The ATO Graduate Program attracts a lot of attention, and for good reason. The Australian Taxation Office is a large Commonwealth agency with work across tax, compliance, law, accounting, data, digital, service delivery, corporate support and administration. For many graduates, it looks like a stable and recognisable way into the APS.
That does not mean every graduate should apply automatically. A strong application still needs a clear reason for why the ATO fits your background and what kind of evidence you can bring. If you apply only because the program is well known, your material can sound thin very quickly.
What the official information says
The ATO graduate information available in the official source used for this draft refers to graduate streams and locations, mentoring and on-the-job training. It also notes that the 2026 Graduate Program had closed at the time that page was crawled, and older eligibility information referred to completing a university degree within a set five-year window for that intake.
Those details are intake-specific, so they must be checked again before publishing or applying. Do not assume 2026 dates, degree windows or streams will automatically apply to the next round. Use the official ATO page and the APS Career Pathways pages as the current source of truth.
The stable advice is this: check the current stream list, check locations, check degree requirements, check citizenship and security requirements, and check whether you are applying through the ATO directly, the Australian Government Graduate Program portal, or a stream-specific pathway.
Who the ATO may suit
The ATO can suit more than accounting graduates. Depending on the stream and intake, applicants may come from law, commerce, economics, business, data, IT, HR, communication, project work or other disciplines. The agency is large enough that the work can range from technical analysis to client service, compliance, digital systems, policy support, litigation support and internal corporate work.
The question is whether you can make a credible connection between your background and the work. A tax or accounting applicant may connect through technical interest. A law applicant may connect through statutory interpretation, compliance or administrative decision-making. A data or IT applicant may connect through systems, analytics, service improvement or digital delivery.
If you are coming from a broader degree, you may still have useful evidence. Casual work can show accuracy, customer service and judgement. University projects can show analysis and communication. Volunteering can show service and reliability.
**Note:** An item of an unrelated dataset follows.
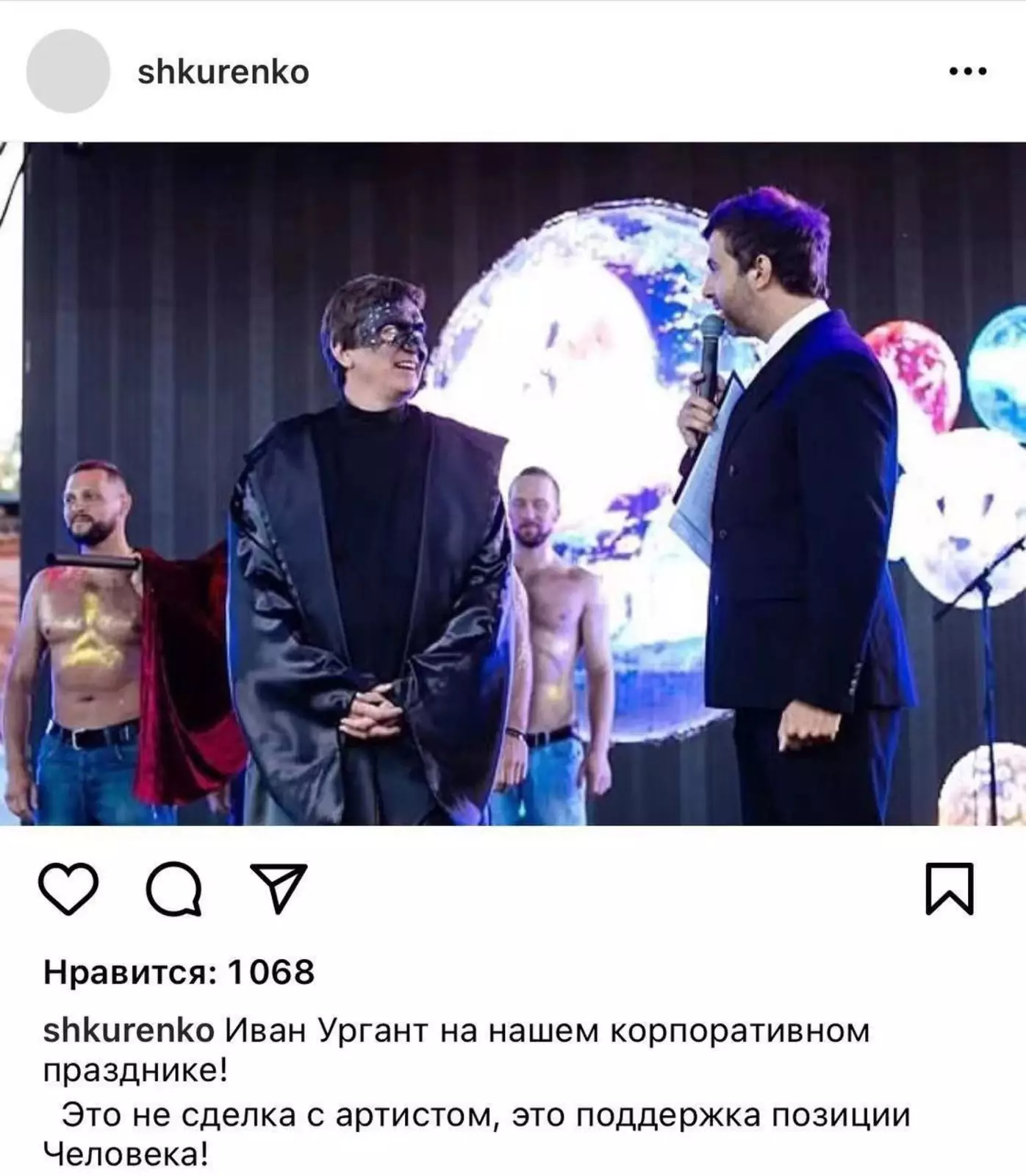 В соцсетях Шкуренко так объяснил появление Урганта на корпоративе: «Это не сделка с артистом, это поддержка позиции Человека!»

The key is to connect those experiences to the kind of behaviours the ATO is likely to value.
What to prepare
Prepare your academic information early. Graduate programs often ask for degree details, transcripts or evidence of completion. Even when the exact upload requirements vary, you should have clean copies ready and understand what your transcript actually shows.
Prepare a resume that does not rely on job titles alone. A graduate resume should show your study, work history, projects, technical skills, service experience and examples of reliability. If you have not worked in a professional office before, do not hide your casual work. Translate it into evidence of communication, judgement, pressure, accuracy and teamwork.
Prepare examples before you reach an interview or assessment stage. Think about times you solved a problem, learned quickly, dealt with a difficult person, handled competing priorities, improved a process, used data, communicated clearly or acted with integrity. You may not need all of those examples, but having them ready will make the process less frantic.
Do not only apply for the ATO
The ATO may be a strong target, but it should not be your only target. The same broader logic applies here: do not only apply for graduate programs. Large APS graduate programs can be competitive and slow. You may progress through several stages and still end up waiting in a pool, or you may find that the stream, location or timing does not work for you.
Apply if the program fits. But while you do that, keep applying for normal entry-level government roles, NSW Government roles and other APS or council opportunities. A standard role in compliance support, administration, customer service, data support, program support or project support can build exactly the kind of evidence that makes a future graduate or APS application stronger.
How to make an ATO application less generic
The risk with an ATO application is writing as if tax is just a stable career field. Stability may be attractive, but it is not much of an application argument. The ATO is a large public institution that deals with compliance, revenue, law, digital systems, service delivery, data, fraud risk, communication and public trust. Your application should show that you understand at least some of that context.
If your background is accounting, tax, commerce or law, connect your study to practical public administration. If your background is data, IT or digital, connect your projects to accuracy, systems, privacy, user needs or problem solving. If your background is broader, use examples that show service, judgement, written communication, attention to detail and learning under pressure.
You do not need to pretend that you have always dreamed about taxation. That can sound forced. It is enough to show that you understand why the work matters and why your skills could develop well in that environment.
What to do before applications open
Before the next ATO round opens, prepare a clean graduate resume, transcript, degree details and example bank. Your example bank should include one story about analysis, one about service or communication, one about teamwork, one about pressure, one about learning quickly and one about integrity or judgement.
That preparation will help across other APS programs too. The ATO may be your first choice, but the same evidence can support Services Australia, ACCC, ASIC, APS stream applications and normal entry-level government jobs. Treat the ATO as part of a wider public-sector plan, not the only possible outcome.